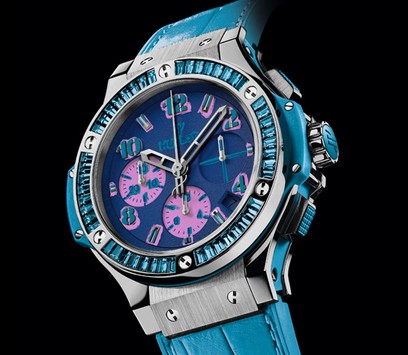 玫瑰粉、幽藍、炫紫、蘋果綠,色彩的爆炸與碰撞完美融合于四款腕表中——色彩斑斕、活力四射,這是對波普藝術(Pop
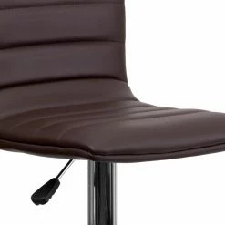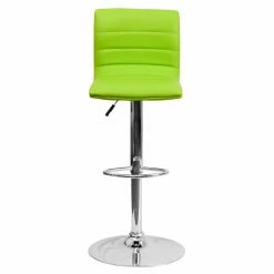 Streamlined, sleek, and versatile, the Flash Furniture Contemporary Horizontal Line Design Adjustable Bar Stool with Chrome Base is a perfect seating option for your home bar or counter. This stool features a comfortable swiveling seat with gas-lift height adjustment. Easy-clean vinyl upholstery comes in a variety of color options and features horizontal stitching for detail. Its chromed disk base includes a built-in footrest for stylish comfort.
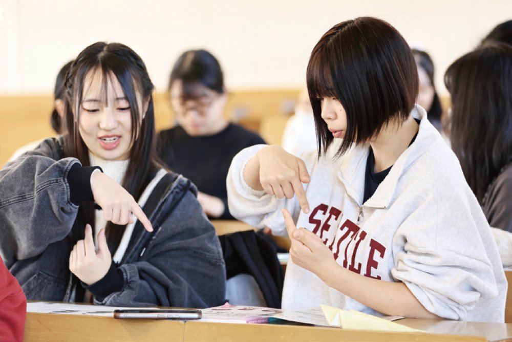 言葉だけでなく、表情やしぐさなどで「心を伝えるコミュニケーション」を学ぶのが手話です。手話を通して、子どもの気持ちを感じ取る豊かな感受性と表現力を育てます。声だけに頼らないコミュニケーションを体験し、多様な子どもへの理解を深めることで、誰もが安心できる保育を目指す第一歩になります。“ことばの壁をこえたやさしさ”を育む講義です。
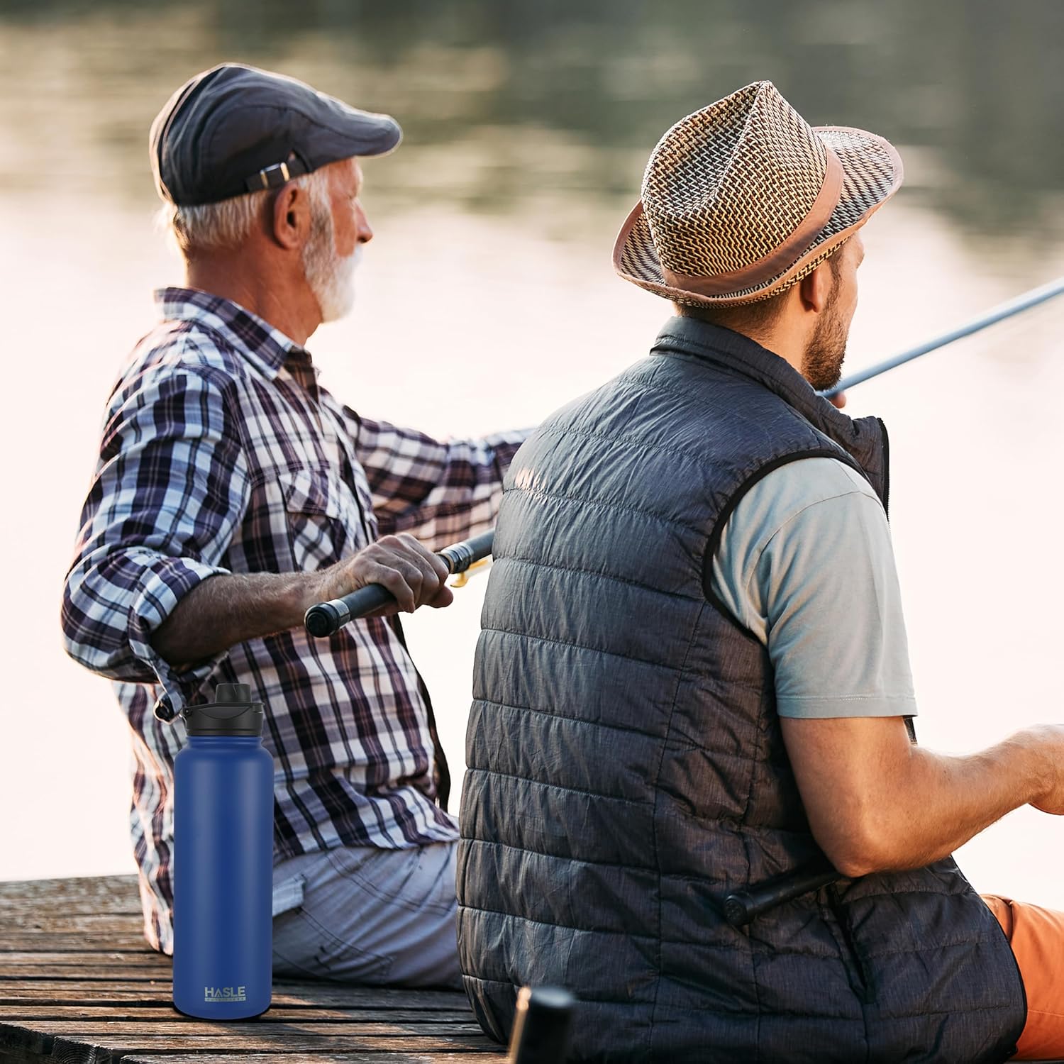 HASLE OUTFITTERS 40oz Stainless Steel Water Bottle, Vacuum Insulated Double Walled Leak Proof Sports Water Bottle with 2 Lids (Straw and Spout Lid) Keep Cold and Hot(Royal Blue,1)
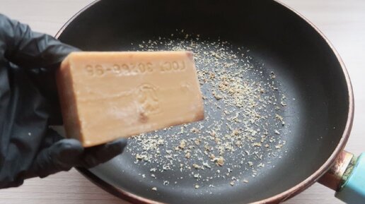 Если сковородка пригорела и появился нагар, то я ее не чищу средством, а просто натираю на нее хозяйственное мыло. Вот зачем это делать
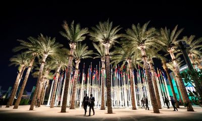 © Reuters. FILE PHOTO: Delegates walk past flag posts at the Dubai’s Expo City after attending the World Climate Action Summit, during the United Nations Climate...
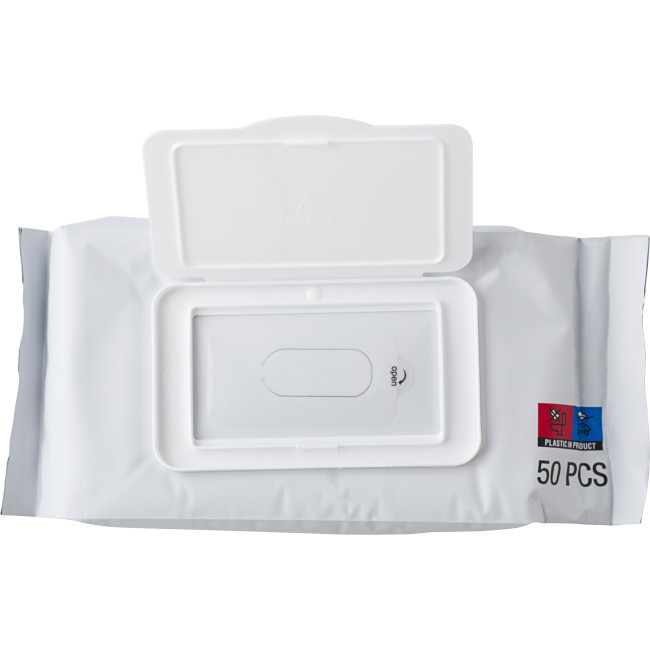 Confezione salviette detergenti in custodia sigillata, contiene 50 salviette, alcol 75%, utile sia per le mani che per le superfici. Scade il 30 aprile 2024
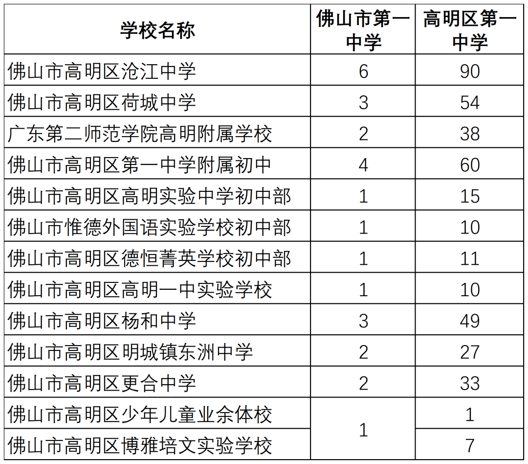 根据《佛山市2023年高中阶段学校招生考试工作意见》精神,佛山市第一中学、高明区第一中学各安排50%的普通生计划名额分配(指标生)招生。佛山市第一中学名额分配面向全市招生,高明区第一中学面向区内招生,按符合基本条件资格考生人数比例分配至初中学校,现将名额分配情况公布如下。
· · · · ·
* **WHAT YOU ARE ASKED TO DO**:
Having found the line with "HASLE OUTFITTERS 40oz" and the line with "Если сковородка пригорела" in the material above, write out exactly those two and every line between, leaving the pictures out.

* **EXERCISE RESULT**:
 HASLE OUTFITTERS 40oz Stainless Steel Water Bottle, Vacuum Insulated Double Walled Leak Proof Sports Water Bottle with 2 Lids (Straw and Spout Lid) Keep Cold and Hot(Royal Blue,1)
 Если сковородка пригорела и появился нагар, то я ее не чищу средством, а просто натираю на нее хозяйственное мыло. Вот зачем это делать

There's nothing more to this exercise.